:: WHAT NEEDS TO BE DONE ::
Please find all lines in the data that hold the string "noir" and copy them.

:: EXERCISE MATERIALS ::

══════

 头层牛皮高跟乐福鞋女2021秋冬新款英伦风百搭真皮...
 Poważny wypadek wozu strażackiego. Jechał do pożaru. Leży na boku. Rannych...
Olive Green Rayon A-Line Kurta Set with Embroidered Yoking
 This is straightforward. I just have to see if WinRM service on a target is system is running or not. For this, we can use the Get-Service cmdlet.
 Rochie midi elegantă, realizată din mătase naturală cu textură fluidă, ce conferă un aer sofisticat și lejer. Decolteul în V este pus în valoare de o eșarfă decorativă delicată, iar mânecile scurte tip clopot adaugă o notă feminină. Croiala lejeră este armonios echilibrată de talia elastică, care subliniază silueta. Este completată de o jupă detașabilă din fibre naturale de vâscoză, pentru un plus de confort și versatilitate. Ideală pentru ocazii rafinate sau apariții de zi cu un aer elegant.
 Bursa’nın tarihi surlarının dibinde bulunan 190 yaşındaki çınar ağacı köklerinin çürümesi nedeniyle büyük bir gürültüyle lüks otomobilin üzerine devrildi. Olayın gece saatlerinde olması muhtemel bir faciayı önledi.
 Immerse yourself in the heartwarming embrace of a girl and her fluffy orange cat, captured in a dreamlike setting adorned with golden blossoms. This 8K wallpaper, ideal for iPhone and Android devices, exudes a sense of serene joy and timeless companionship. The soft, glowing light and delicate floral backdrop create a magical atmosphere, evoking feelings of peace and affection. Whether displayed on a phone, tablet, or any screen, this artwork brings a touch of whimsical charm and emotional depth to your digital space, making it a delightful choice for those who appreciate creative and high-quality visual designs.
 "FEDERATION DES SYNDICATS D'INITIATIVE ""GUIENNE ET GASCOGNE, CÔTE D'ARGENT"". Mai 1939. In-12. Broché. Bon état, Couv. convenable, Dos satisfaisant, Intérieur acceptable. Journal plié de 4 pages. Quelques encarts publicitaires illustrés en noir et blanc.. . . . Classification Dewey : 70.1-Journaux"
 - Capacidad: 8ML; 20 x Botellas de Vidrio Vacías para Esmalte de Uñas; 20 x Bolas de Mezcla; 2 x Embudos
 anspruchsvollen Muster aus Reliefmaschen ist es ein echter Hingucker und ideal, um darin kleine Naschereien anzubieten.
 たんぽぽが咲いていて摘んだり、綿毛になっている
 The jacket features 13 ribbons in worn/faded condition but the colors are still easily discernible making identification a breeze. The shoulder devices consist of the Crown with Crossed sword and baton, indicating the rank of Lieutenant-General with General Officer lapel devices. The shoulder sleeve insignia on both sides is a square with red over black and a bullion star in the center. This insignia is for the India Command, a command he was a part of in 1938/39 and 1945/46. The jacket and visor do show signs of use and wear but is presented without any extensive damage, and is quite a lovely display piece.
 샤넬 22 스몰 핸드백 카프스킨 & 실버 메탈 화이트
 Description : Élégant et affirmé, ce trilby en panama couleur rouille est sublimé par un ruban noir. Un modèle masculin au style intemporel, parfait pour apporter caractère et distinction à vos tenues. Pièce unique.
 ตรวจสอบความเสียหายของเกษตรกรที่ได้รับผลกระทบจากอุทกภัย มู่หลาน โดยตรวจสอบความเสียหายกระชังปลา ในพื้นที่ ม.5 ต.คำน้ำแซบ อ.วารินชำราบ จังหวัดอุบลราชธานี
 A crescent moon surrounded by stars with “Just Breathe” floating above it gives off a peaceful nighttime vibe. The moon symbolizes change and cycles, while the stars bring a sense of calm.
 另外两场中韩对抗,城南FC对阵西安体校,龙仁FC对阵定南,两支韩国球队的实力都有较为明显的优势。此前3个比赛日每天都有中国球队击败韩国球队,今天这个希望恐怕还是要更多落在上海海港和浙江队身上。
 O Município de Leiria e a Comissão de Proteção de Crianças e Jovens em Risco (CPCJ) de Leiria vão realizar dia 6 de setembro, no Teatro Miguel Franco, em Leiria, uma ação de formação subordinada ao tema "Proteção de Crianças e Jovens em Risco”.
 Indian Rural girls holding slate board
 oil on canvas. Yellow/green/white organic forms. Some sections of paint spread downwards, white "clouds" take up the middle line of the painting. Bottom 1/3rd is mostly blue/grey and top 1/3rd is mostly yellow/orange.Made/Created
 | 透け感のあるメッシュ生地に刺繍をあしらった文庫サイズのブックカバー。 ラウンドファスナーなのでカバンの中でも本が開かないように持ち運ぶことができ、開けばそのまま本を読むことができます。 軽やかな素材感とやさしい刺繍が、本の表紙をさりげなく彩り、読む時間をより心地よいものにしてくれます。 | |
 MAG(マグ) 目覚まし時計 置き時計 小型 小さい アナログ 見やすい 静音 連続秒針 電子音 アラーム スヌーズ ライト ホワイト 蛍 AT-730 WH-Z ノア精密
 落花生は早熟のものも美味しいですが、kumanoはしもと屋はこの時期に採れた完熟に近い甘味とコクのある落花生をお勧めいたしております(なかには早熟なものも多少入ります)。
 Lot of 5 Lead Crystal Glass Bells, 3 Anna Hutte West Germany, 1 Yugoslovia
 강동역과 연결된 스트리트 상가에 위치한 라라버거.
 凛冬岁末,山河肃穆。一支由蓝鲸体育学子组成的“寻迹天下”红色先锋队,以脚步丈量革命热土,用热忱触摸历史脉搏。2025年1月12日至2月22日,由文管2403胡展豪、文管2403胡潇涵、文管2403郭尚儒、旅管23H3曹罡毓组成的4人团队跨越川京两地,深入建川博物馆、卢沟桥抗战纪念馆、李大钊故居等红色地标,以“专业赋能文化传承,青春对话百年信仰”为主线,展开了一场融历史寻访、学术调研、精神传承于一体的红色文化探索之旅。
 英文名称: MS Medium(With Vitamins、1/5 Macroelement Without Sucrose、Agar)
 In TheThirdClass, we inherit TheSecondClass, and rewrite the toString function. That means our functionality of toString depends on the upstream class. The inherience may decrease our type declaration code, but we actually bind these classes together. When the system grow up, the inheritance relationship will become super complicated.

══════

:: COMPLETED TASK ::
 "FEDERATION DES SYNDICATS D'INITIATIVE ""GUIENNE ET GASCOGNE, CÔTE D'ARGENT"". Mai 1939. In-12. Broché. Bon état, Couv. convenable, Dos satisfaisant, Intérieur acceptable. Journal plié de 4 pages. Quelques encarts publicitaires illustrés en noir et blanc.. . . . Classification Dewey : 70.1-Journaux"
 Description : Élégant et affirmé, ce trilby en panama couleur rouille est sublimé par un ruban noir. Un modèle masculin au style intemporel, parfait pour apporter caractère et distinction à vos tenues. Pièce unique.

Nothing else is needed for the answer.